Another person the former Mitsubishi employee made a big impression on was Chad Diehl. Author of Resurrecting Nagasaki: Reconstruction and the Formation of Atomic Narratives, Diehl helped out as an interpreter on the Niju Hibakusha documentary, and in the summer of 2009 moved into Yamaguchi’s house while translating his poems for the book And the River Flowed as the Raft of Corpses.

“In spite of everything he went through, Yamaguchi-san always struck me as a man that was at peace with himself,” Diehl tells Tokyo Weekender. “I never saw him express any anger. His focus was the future; abolishing nuclear weapons and campaigning for world peace. I remember one time a reporter asked how he felt about someone from America, the country that bombed him twice, staying in his house. ‘The fact that he’s American has nothing to do with it,’ was his response. ‘The peace movement has no barriers.’

“Coming from a person who’d lived through so much pain, I felt his message carried much more weight,” adds Diehl. “Though it’s a shame he didn’t join the peace movement decades earlier, I’m glad he finally got into it. Peace activism gave him a catharsis and ability to cope with everything. He was on a mission to convey his story and pass on the baton to future generations to ensure something so horrific could never happen again. I think he was an incredible person.”

Tsutomu Yamaguchi

More Than Just a Memory

These are sentiments shared by esteemed journalist and author Richard Lloyd Parry, who interviewed Yamaguchi along with his former co-workers and fellow double atomic bomb survivors, Sato and Iwanaga back in 2005.

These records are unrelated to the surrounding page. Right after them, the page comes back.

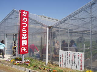 スタンドの反対側あたりに いちご狩りの看板がありますので 右折します 山武成東ICから、15分程度です |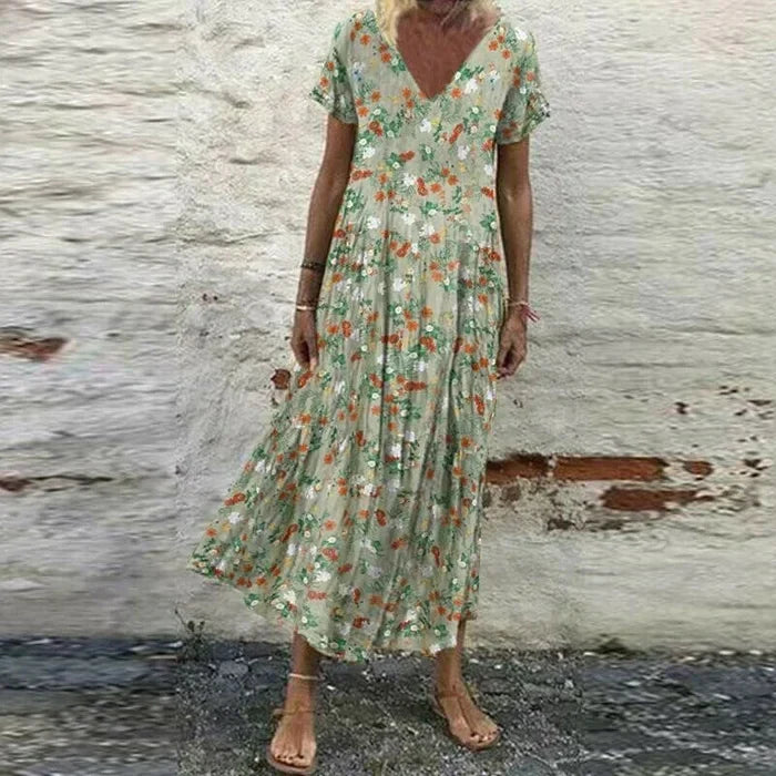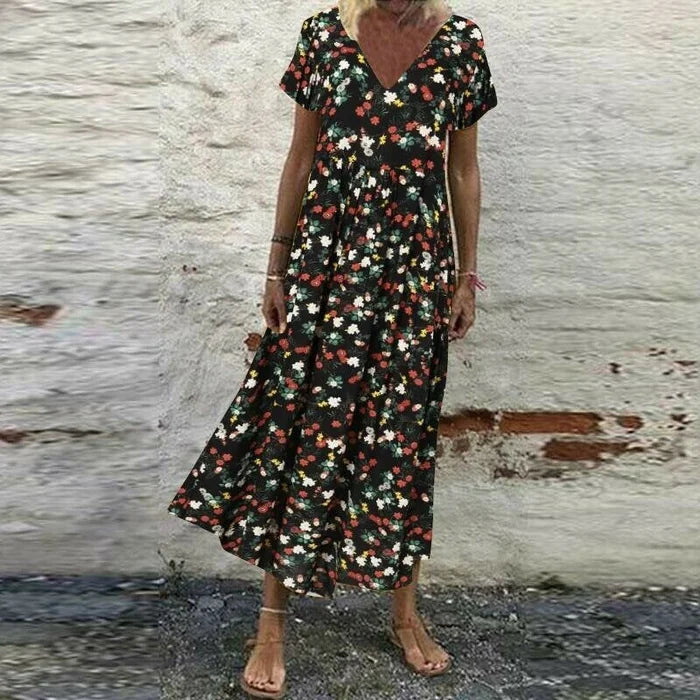 Geblümtes Kleid mit V-Ausschnitt – Luftig & Elegant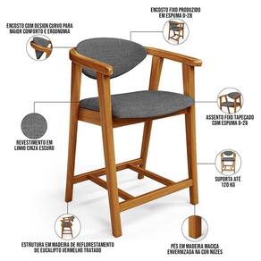 Esse kit de banquetas combina design moderno e funcionalidade, já que é ideal para cozinha, sala de jantar, bancada ou área gourmet. Além disso, são feitas com madeira de eucalipto vermelho tratado, o que garante durabilidade e sustentabilidade. Já o assento e encosto estofados com espuma de alta densidade proporcionam máximo conforto durante suas refeições ou momentos de descontração.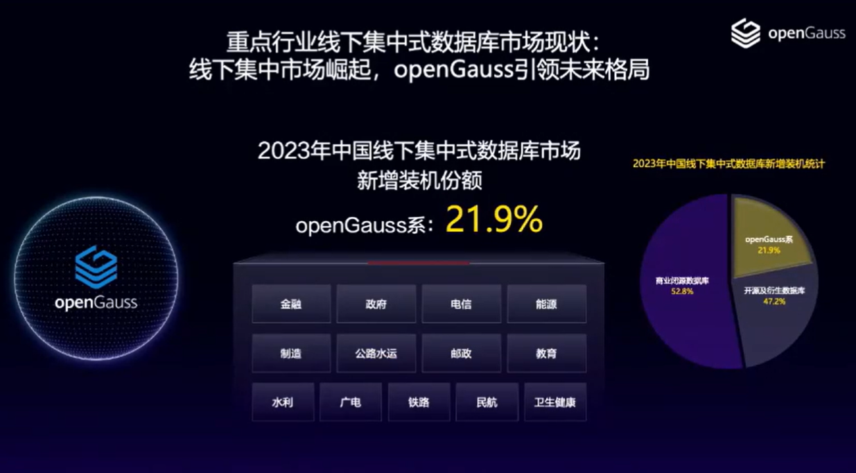 技术发展方面,得益于产业链共建、共享、共治,openGauss 在产业、生态、技术、商业四个方向取得了令人瞩目的好成绩,不断保持澎湃的创新动力。2023 年线下集中式新增市场份额达到 21.9%,从拓展期正式进入快速发展期。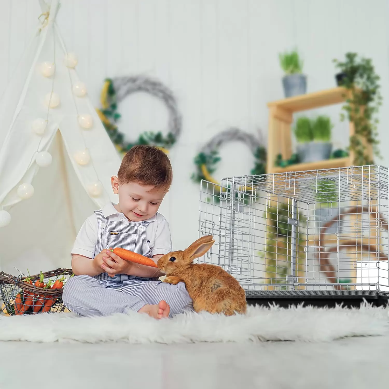 Jaula Corral Apilable para Conejos, Hurones y Erizos | 61×61×52 cm | Bandeja Extraíble y Anti-Orina

“They all told remarkable stories that remained with them throughout their lives, however, when Sato and Iwanaga spoke it felt like I was listening to distant recollections, whereas with Yamaguchi it was more than just a memory,” says Parry. “It was something deeply burned into his core that he’d been living with every moment of his life. He must have spoken about the bombings on countless occasions, yet made it sound as if it was his first time and they’d only happened the other day. Whether you considered him the luckiest or unluckiest man alive, it was truly gripping hearing what he had to say.

Hiroshima Peace Memorial Park

“It has become harder for people to imagine the terrifying realities of nuclear war and that’s a potentially dangerous thing,” continues Parry. “In illustrating the awful physical suffering caused by such destructive weapons, atomic bomb survivors have, in my opinion, played a key role in helping to ensure that a similar catastrophe hasn’t occurred since. To prevent it from happening in the future, it’s important that the testimonies of hibakusha like Yamaguchi are kept alive and shared with younger generations.”